▶ **WHAT THE TASK ASKS**
Beginning with the line that contains "図面のステータス バーで表示できる設定およびコマンドのドロップダウン リスト。", copy each subsequent line of the data below through the last one, including both ends but not the pictures.

▶ **Collected data**
* * *

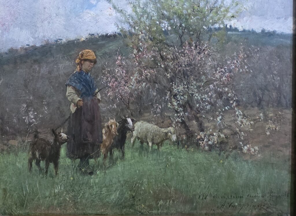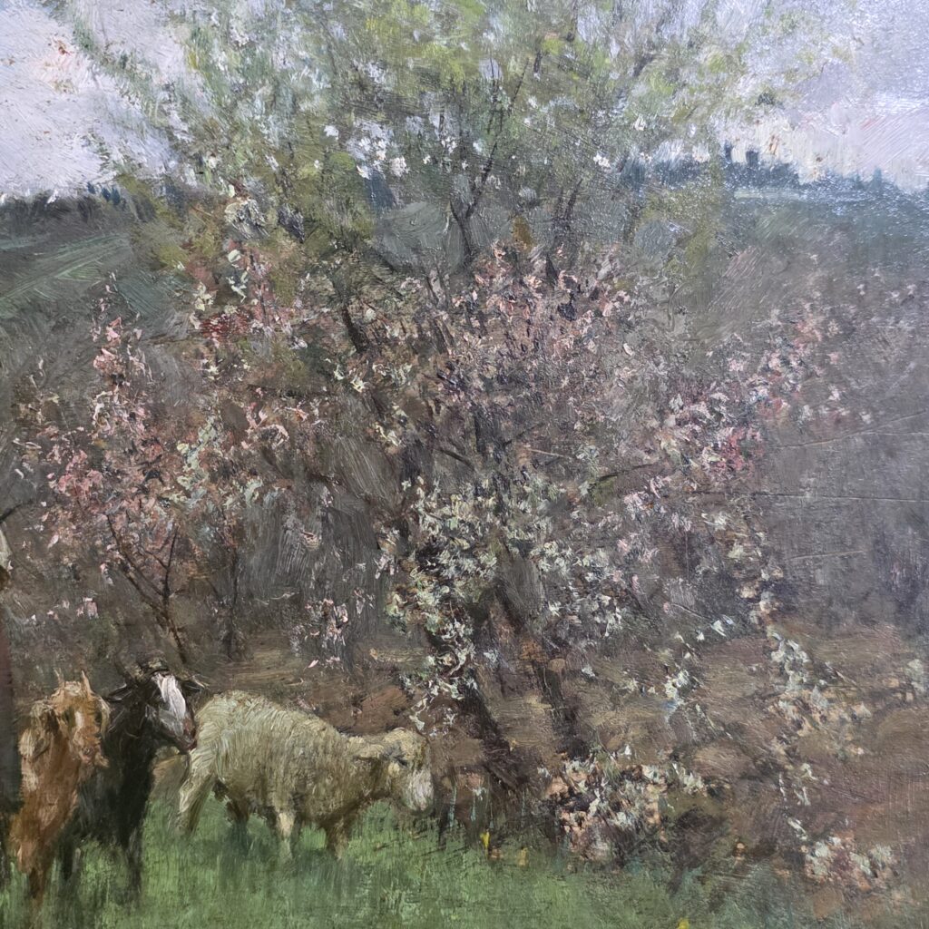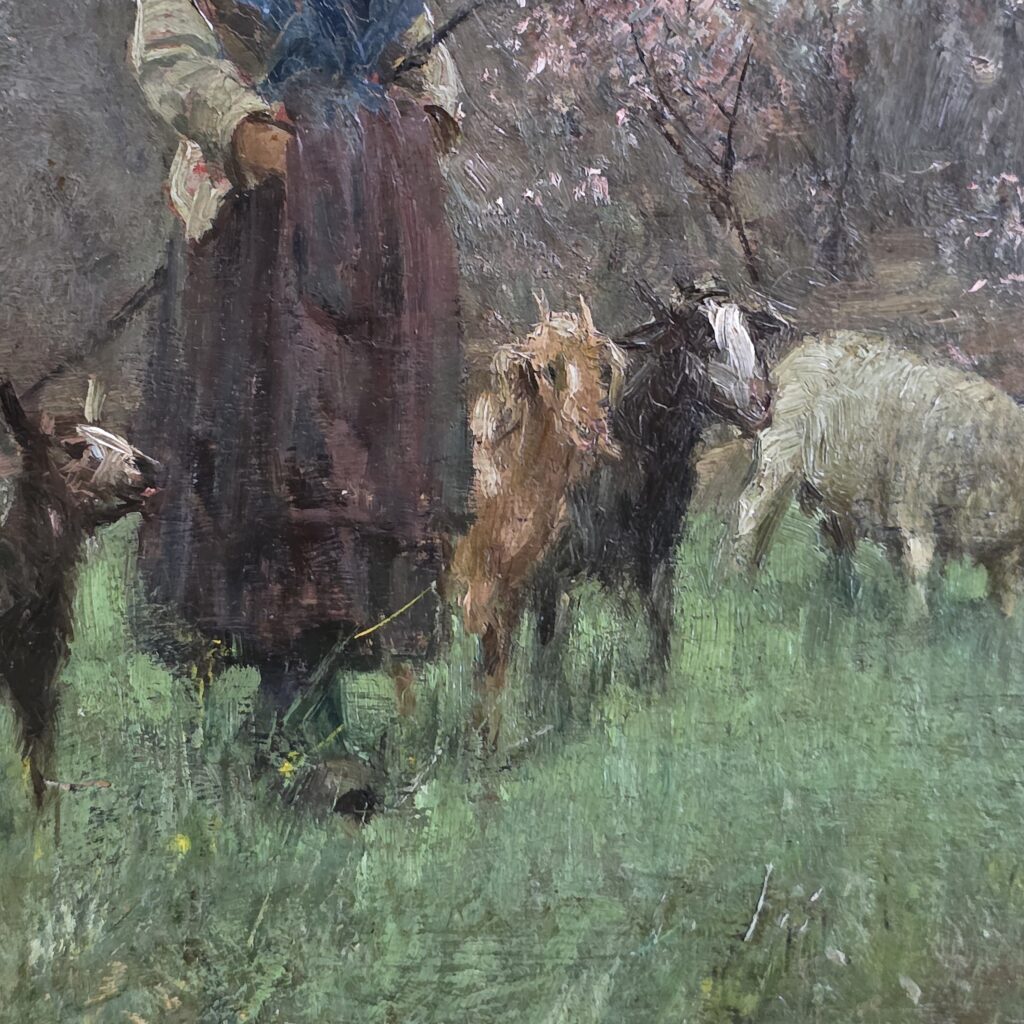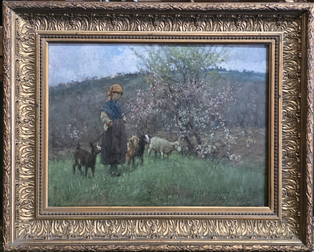 Lot 113 | Alceste Campriani (1848-1933).Pastorella con pecore.Cm.26 x 35
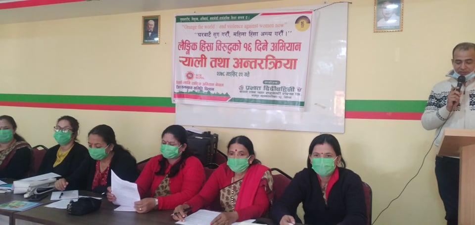 प्रभात दिदी बहिनी बचत तथा ऋण सहकारी संस्था लिमिटेड भरतपुर १२ ले १६ दिने लैङ्गिक हिंसा विरुद्धको अभियानको अवसरमा आयोजना गरेको अन्तरक्रियाका सहभागिहरुले छोरी शिक्षामा जोड दिएका हुन् ।
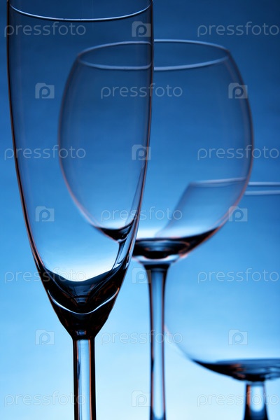 Натюрморт с пустыми фужерами на синем фоне
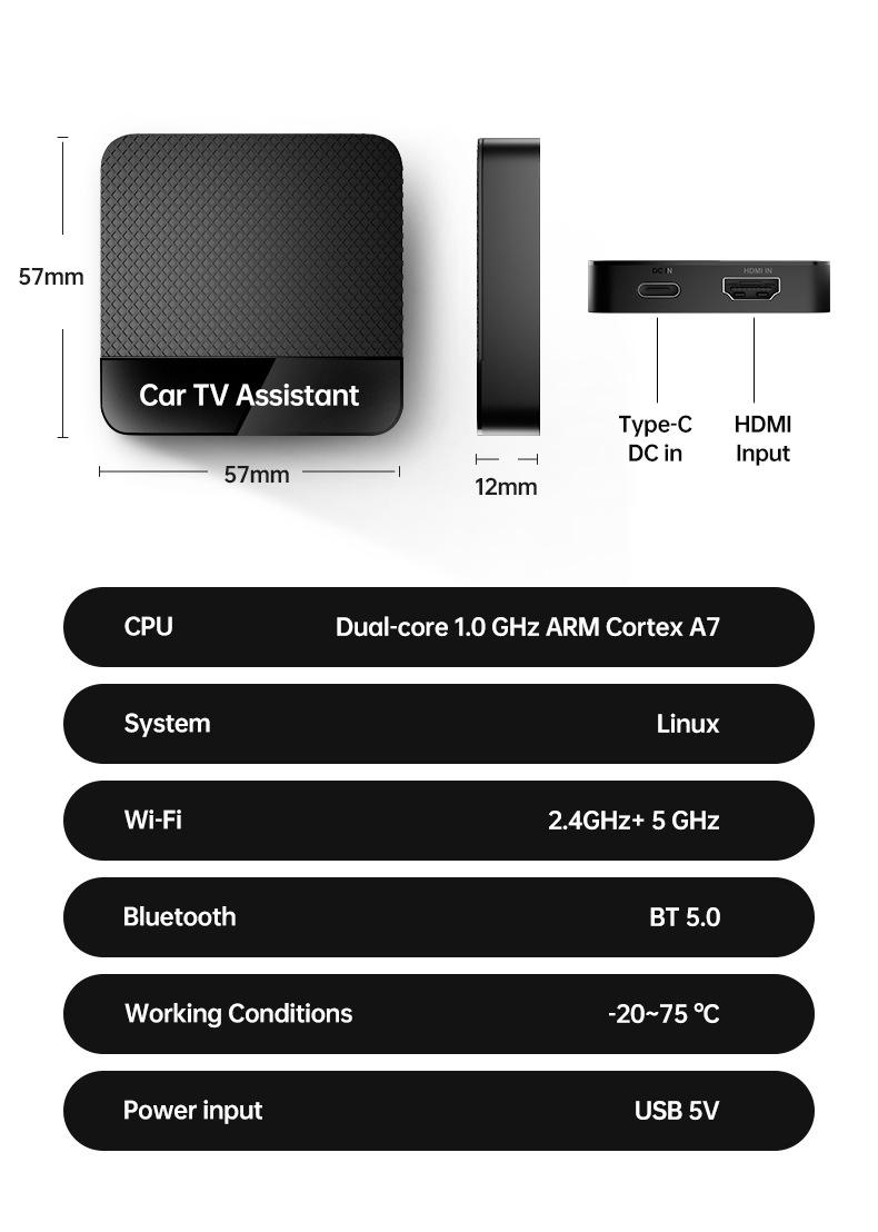 Caja Carplay Inalámbrico con Cable Androidauto con Interfaz HDMI Proyección de Pantalla Aibox Versión Inalámbrica
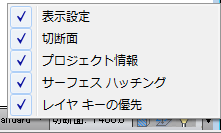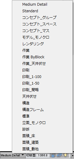 図面のステータス バーで表示できる設定およびコマンドのドロップダウン リスト。
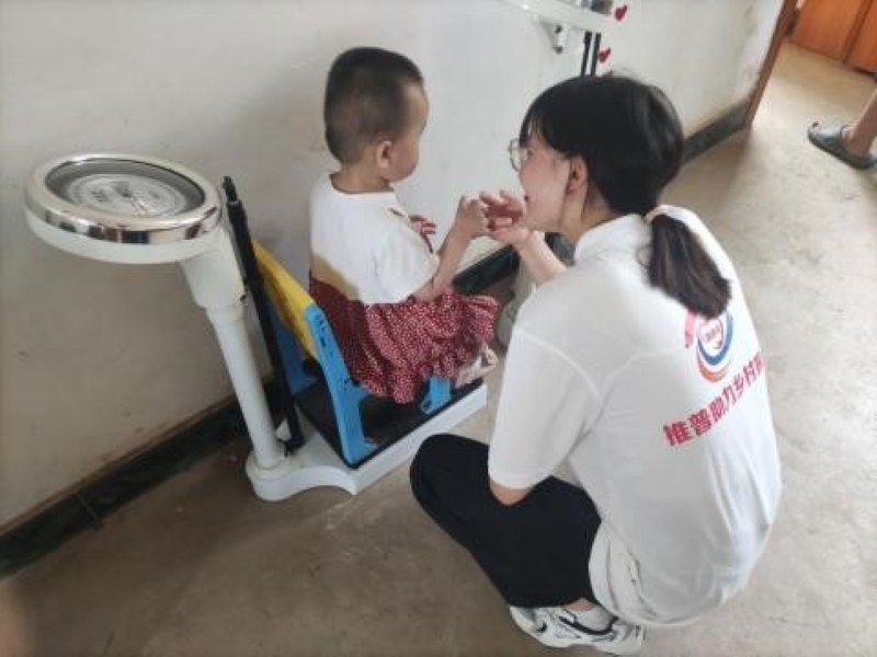 实践团成员们在云南省曲靖市富源县营上镇都格村委会卫生室参与了该卫生室的儿童体检工作。成员们利用此次体检,为已满三岁的儿童进行了一些基本的普通话基础跟读,同时与儿童家长进行沟通,让儿童在家也可以自行进行跟读,打好普通话基础。

* * *

▶ **RESPONSE AREA**
 図面のステータス バーで表示できる設定およびコマンドのドロップダウン リスト。
 实践团成员们在云南省曲靖市富源县营上镇都格村委会卫生室参与了该卫生室的儿童体检工作。成员们利用此次体检,为已满三岁的儿童进行了一些基本的普通话基础跟读,同时与儿童家长进行沟通,让儿童在家也可以自行进行跟读,打好普通话基础。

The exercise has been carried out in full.